This repository contains commands and scripts that haven been generated and used by the Prof. Peter Dedon’s group at MIT and the Singapore-MIT Alliance for Research and Technology (SMART) for codon usage analysis in the manuscript:
“Pyridoxal phosphate-dependent biosynthesis of aminovaleramide by AvaS in tRNA”
Authors: Jingjing Sun, Junzhou Wu, Yifeng Yuan, Seetharamsing Balamkundu, Agnieszka Dziergowska, Hazel Chay Suen Suen, Dwijapriya, Liang Cui, Léo Hardy, Megan En Lee, Grazyna Leszczynska, Chuan-Fa Liu, Zeynep Baharoglu, Laurence Drouard, Steven D. Bruner, Thomas J. Begley, Valérie de Crécy-Lagard, Peter C. Dedon
Contact Yifeng Yuan at yuanyifeng@ufl.edu
Yifeng Yuan, Ph.D. and Peter C. Dedon (Principal Investigator)
Version History
v0.9.0 --2026/03/02 --create the repository and migrate data.
mafft v7.520 https://mafft.cbrc.jp/alignment/software/
BMGE v1.12 http://ftp.pasteur.fr/pub/gensoft/projects/BMGE/
MASH v2.3 https://github.com/marbl/mash
seqkit v2.8.0 https://bioinf.shenwei.me/seqkit/
python v3.12 https://www.python.org/
raxml-ng v1.1.0 https://github.com/amkozlov/raxml-ng
ncbi_blast v2.15.0 https://ftp.ncbi.nlm.nih.gov/blast/executables/blast+/2.15.0/
java v11 and higher https://www.oracle.com/java/technologies/downloads/#java11
1.1 Dowload genome IDs in a list. For example, Select representative genomes using filters: Organism: bacteria, Reference: representative, Quality: Good, Status: Complete.
bac_rep_4245.txt (4245 representative bacterial genomes)
Repeat the step for other genus and species.

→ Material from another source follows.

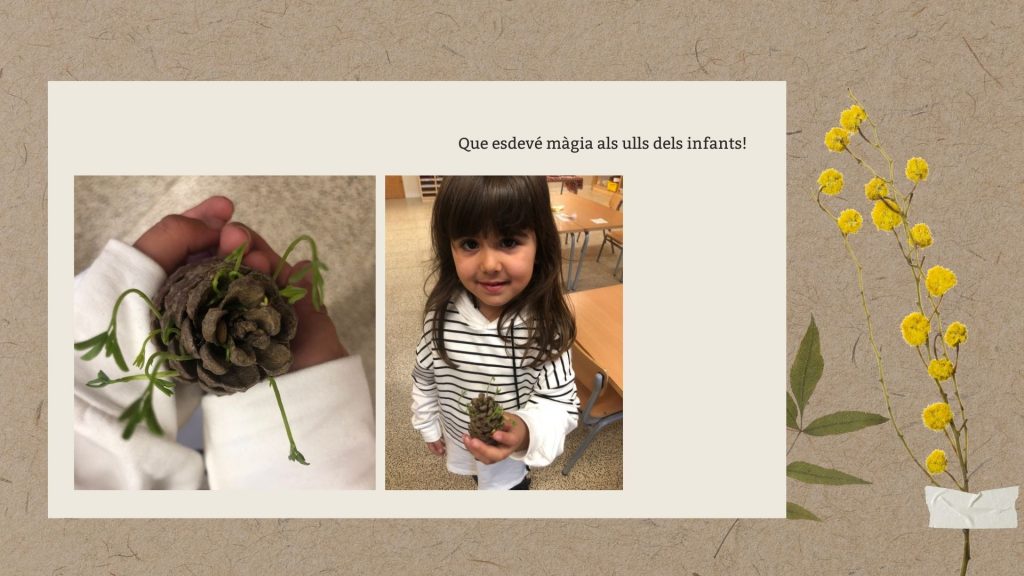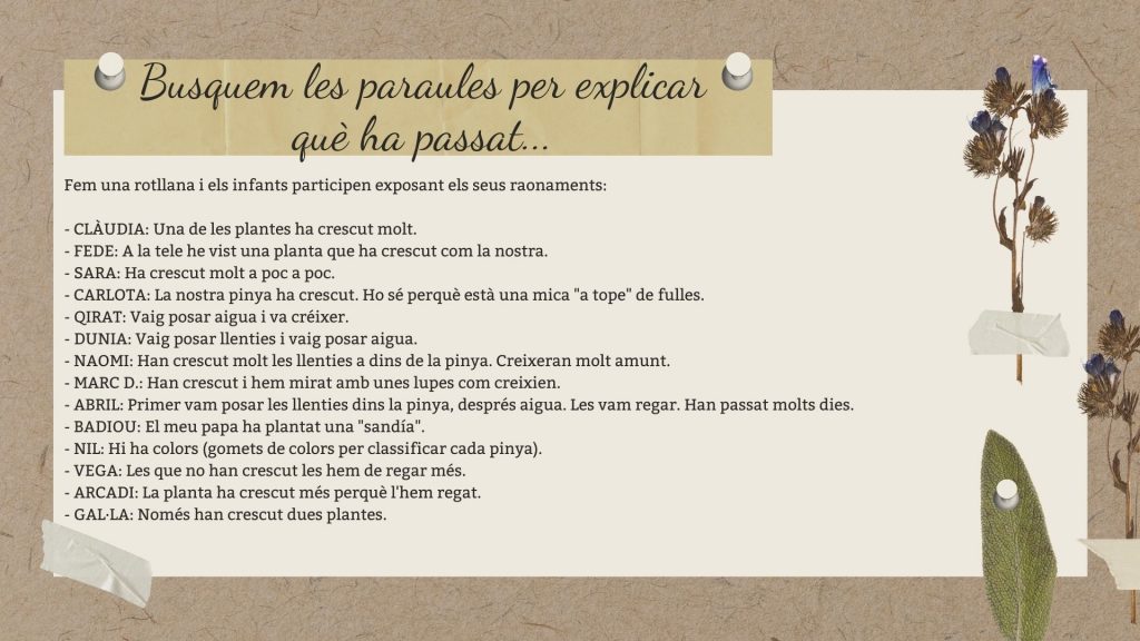 Un dia l’esquirol Aniol ens va plantejar un repte: germinar llenties. Pas a pas vam preparar el que necessitàvem (pinyes buides, llenties, pipetes, aigua i lupes). Seguidament per taules vam posar les llenties delicadament dins els buits de la pinya, les vam regar i durant uns dies cada matí a l’entrar a l’aula observàvem com s’esquerdaven les llavors i en creixien plantetes.

Aeromonas_gid.txt (Aeromonas)
Flavobacterium_gid.txt (Flavobacterium)
Escherichia_gid.txt (Escherichia)
Campylobacter_gid.txt (Campylobacter)
Acinetobacter_gid.txt (Acinetobacter)
other_gid.txt (other genus including Chitinophaga, Hymenobacter, Pedobacter, Pseudoalteromonas)
vibrio_gid.txt (Vibrio)
Streptomyces_gid.txt (Streptomyces)
Shewanella_gid.txt (Shewanella)
pseudo_gid.txt (Pseudomonas)
Arcobacter_gid.txt (Arcobacter)
Chryseobacterium_gid.txt (Chryseobacterium)
Abmn_gid.txt (Acinetobacter baumannii)
Ahyd_gid.txt (Aeromonas hydrophila)
Sone_gid.txt (Shewanella oneidensis)
Vcho_gid.txt (Vibrio cholerae)
Vpara_gid.txt (Vibrio parahaemolyticus)
1.2 Retrieve data from BV-BRC (https://www.bv-brc.org/), including CDS sequences (ffn files), genome sequences (fna files) and protein sequences (faa files)
gid_list=${list of genome IDs.txt}
mkdir fnafiles || true
mkdir ffnfiles || true
mkdir faafiles || true
for id in $(cat ${gid_list}); do
wget -qN "ftp://ftp.patricbrc.org/genomes/${id}/${id}.fna" -P fnafiles
wget -qN "ftp://ftp.patricbrc.org/genomes/${id}/${id}.PATRIC.ffn" -P ffnfiles
wget -qN "ftp://ftp.patricbrc.org/genomes/${id}/${id}.PATRIC.faa" -P faafiles
done
Retrieve selected protein sequences and do MSA.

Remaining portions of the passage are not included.